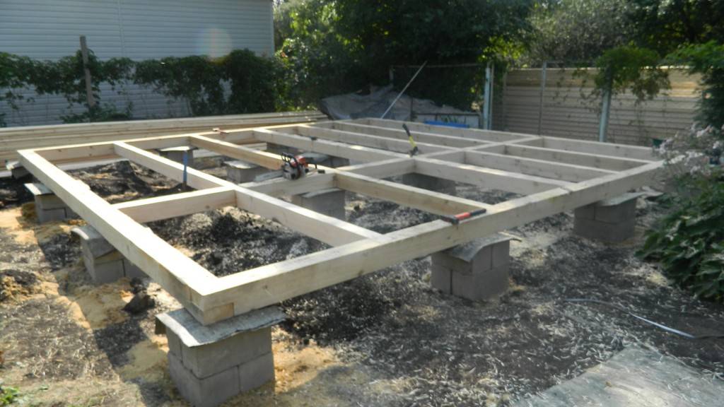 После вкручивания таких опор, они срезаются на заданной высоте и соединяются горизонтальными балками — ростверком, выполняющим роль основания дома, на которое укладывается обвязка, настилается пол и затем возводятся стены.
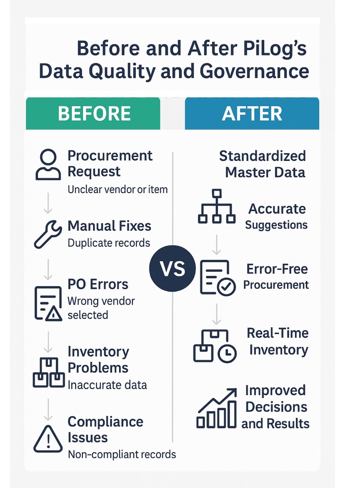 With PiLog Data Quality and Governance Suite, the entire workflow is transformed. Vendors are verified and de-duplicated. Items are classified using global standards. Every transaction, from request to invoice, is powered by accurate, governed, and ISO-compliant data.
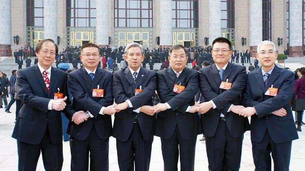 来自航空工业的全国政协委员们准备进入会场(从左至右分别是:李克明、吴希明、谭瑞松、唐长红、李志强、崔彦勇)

▶ EXERCISE PROMPT: Output, word for word, the full listing above, with no pictures.

▶ EXERCISE OUTPUT:
 После вкручивания таких опор, они срезаются на заданной высоте и соединяются горизонтальными балками — ростверком, выполняющим роль основания дома, на которое укладывается обвязка, настилается пол и затем возводятся стены.
 With PiLog Data Quality and Governance Suite, the entire workflow is transformed. Vendors are verified and de-duplicated. Items are classified using global standards. Every transaction, from request to invoice, is powered by accurate, governed, and ISO-compliant data.
 来自航空工业的全国政协委员们准备进入会场(从左至右分别是:李克明、吴希明、谭瑞松、唐长红、李志强、崔彦勇)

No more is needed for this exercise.